Task requirements
All lines from the one containing "フリンジレース 1m巻 白 黒 | 手芸材料のネットショップ つくる楽しみ.com" down to the one containing "Com cursos nas", both ends included, are to be given again exactly; omit the rest of the listing below.

··· Data to process ···

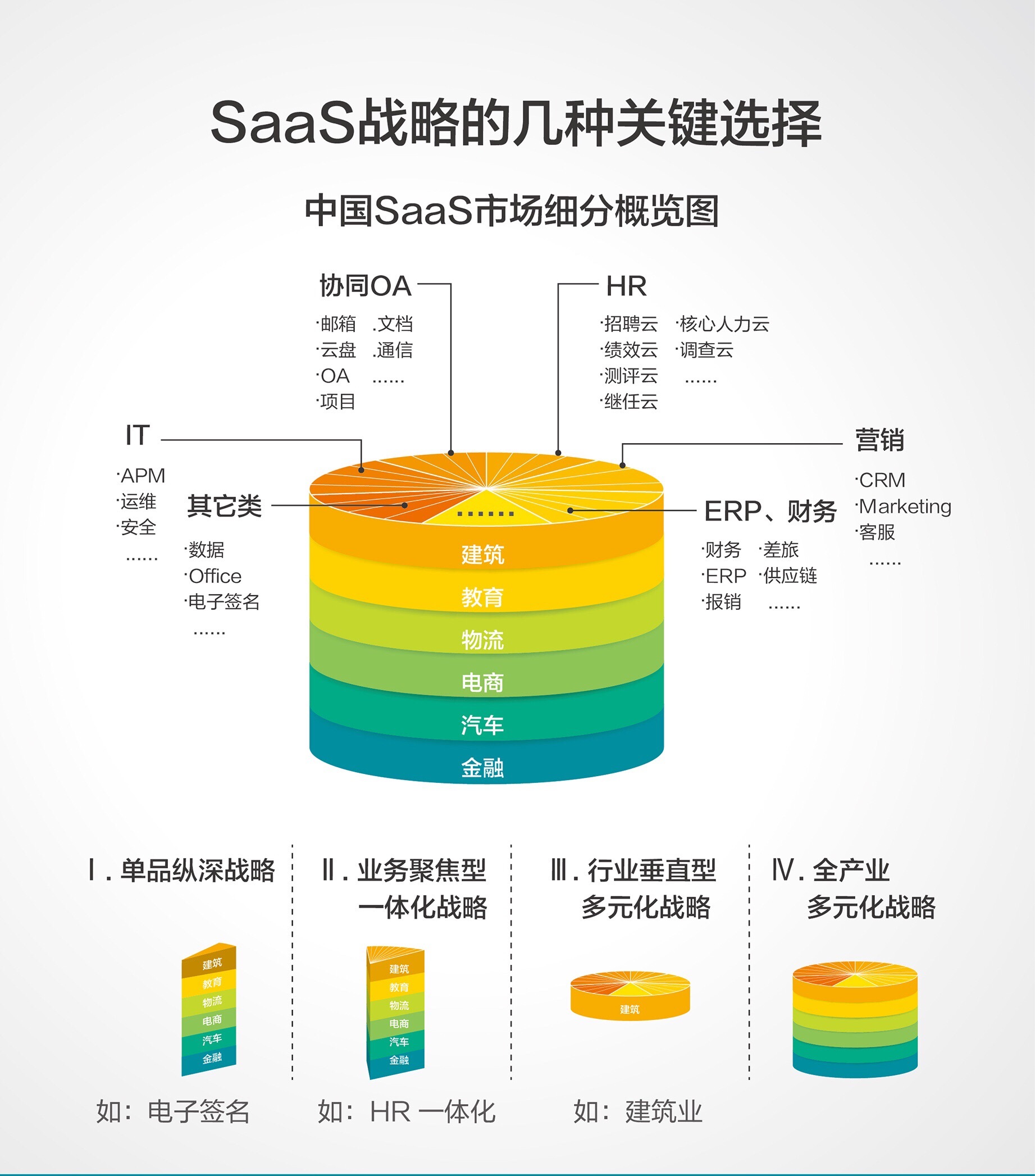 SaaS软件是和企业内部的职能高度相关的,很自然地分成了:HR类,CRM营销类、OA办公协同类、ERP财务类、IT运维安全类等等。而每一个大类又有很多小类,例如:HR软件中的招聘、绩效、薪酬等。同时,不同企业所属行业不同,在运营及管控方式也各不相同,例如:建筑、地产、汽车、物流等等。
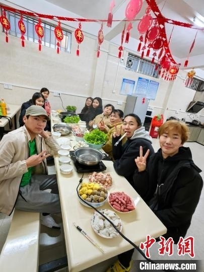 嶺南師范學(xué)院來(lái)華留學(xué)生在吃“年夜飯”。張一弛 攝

···
··· Data to process ···

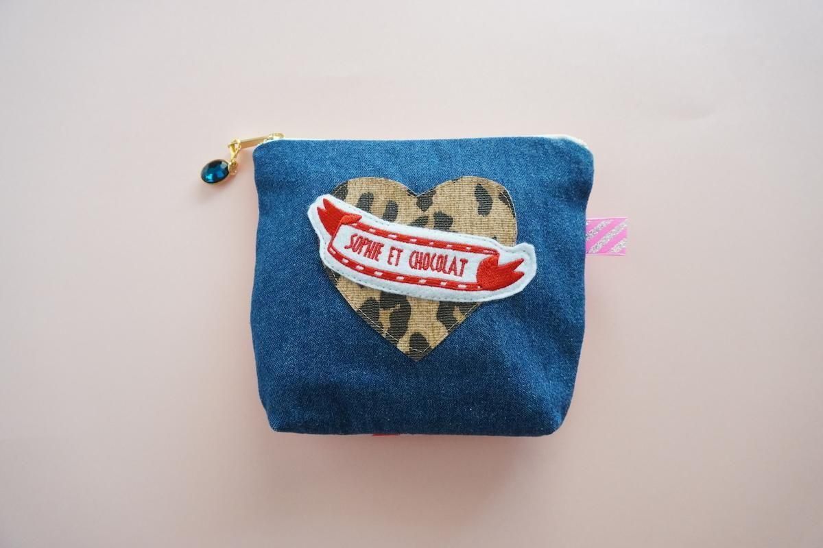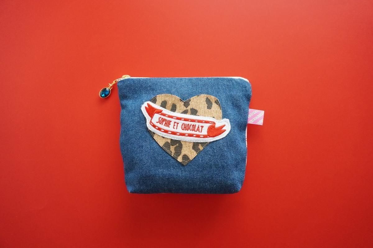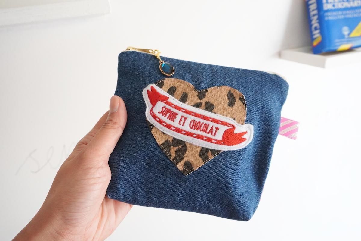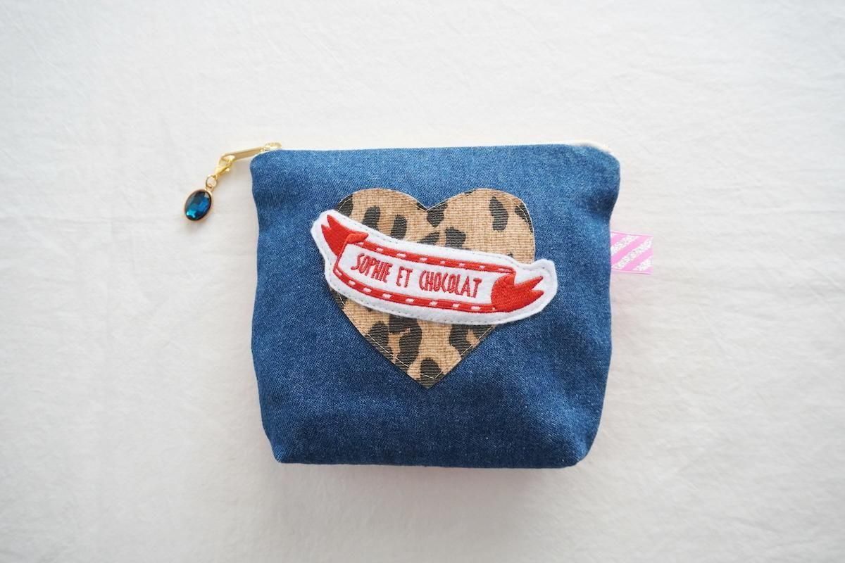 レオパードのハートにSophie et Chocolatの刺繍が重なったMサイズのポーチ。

···
··· Data to process ···

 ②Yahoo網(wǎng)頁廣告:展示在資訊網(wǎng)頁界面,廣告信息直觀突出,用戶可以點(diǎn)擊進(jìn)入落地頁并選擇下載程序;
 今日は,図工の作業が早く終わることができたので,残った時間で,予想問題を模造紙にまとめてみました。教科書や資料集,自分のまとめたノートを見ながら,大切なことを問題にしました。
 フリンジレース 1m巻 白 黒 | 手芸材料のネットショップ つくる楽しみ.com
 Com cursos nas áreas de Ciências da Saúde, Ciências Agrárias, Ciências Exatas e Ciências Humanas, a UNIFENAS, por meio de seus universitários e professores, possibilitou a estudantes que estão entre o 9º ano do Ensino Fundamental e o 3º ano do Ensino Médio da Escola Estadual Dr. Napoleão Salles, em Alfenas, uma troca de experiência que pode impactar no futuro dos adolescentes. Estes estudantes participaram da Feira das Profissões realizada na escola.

···

Response box
 フリンジレース 1m巻 白 黒 | 手芸材料のネットショップ つくる楽しみ.com
 Com cursos nas áreas de Ciências da Saúde, Ciências Agrárias, Ciências Exatas e Ciências Humanas, a UNIFENAS, por meio de seus universitários e professores, possibilitou a estudantes que estão entre o 9º ano do Ensino Fundamental e o 3º ano do Ensino Médio da Escola Estadual Dr. Napoleão Salles, em Alfenas, uma troca de experiência que pode impactar no futuro dos adolescentes. Estes estudantes participaram da Feira das Profissões realizada na escola.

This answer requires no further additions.